PEKALIPAN, AYOCIREBON.COM -- Imlek dirayakan sebagai tahun baru bagi warga Tionghoa di seluruh dunia, termasuk Indonesia.

Berbagai persiapan dilakukan warga Tionghoa menjelang Imlek. Kesibukan biasanya meningkat sepekan sebelumnya.

Bukan hanya di rumah masing-masing, persiapan Imlek juga dilakukan di rumah-rumah ibadah, terutama vihara dan klenteng.

Banyak hal ihwal Imlek yang mungkin belum dapat dipahami. Beberapa hal di bawah ini barangkali terdengar baru, apa saja?
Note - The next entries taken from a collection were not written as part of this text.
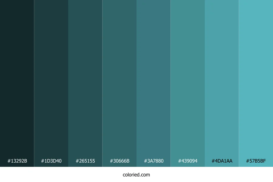 ![]() | #13292B | 19, 41, 43 | 185, 39%, 12% | 56%, 5%, 0%, 83% | oklch(0.264 0.028 203) |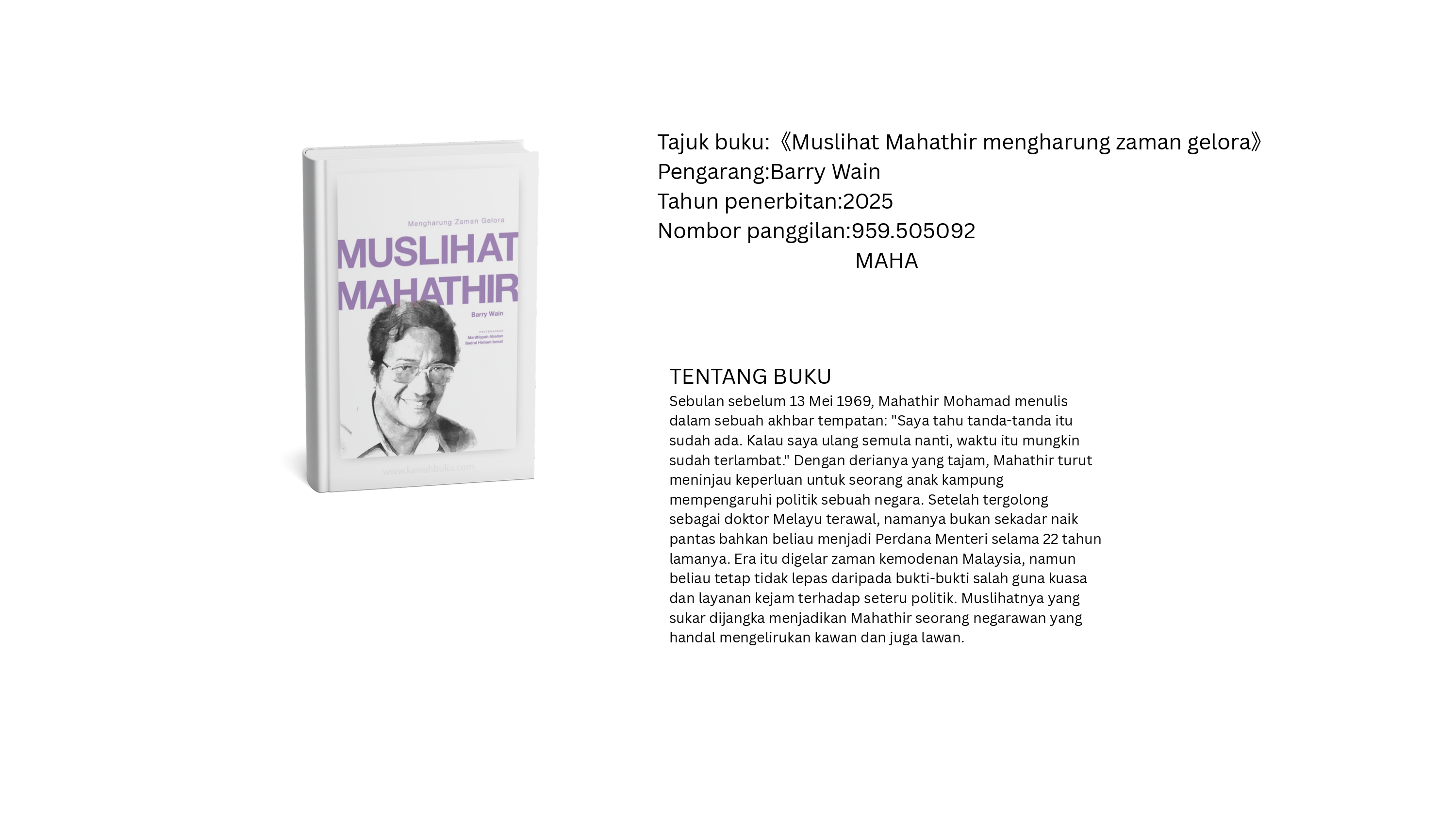 图书馆推荐书单 - Muslihat Mahathir mengharung zaman gelora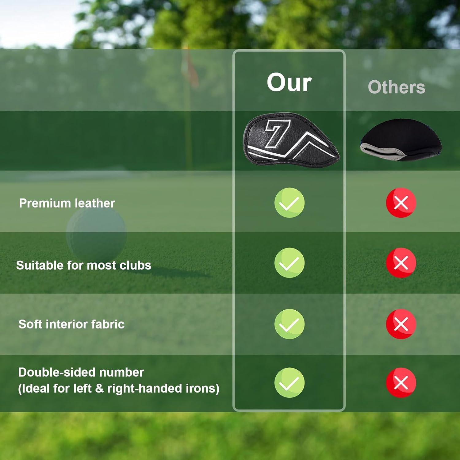 - 【Set of 11 to Fit Most Golf Clubs】This golf head cover set includes 11 head covers designed to fit most standard golf clubs. These magnetic leather golf iron head covers can provide the protection and organisation your clubs need.

Yuk simak serba-serbi Imlek yang dirangkum Ayocirebon.com berdasarkan obrolan bersama sejumlah warga Tionghoa di Cirebon.

1. Mencuci Rupang
Rupang dikenal sebagai sebutan untuk patung dewa dewi Budha dan Konghucu. Aktivitas pencucian rupang biasanya dilakukan sepekan menjelang Imlek, baik di vihara maupun klenteng, yang tahun ini jatuh pada 18-19 Januari 2020.

Pencucian rupang terbilang sederhana, cukup berbekal air dan sabun. Rupang kemudian dibersihkan dengan cara dicuci dan disikat.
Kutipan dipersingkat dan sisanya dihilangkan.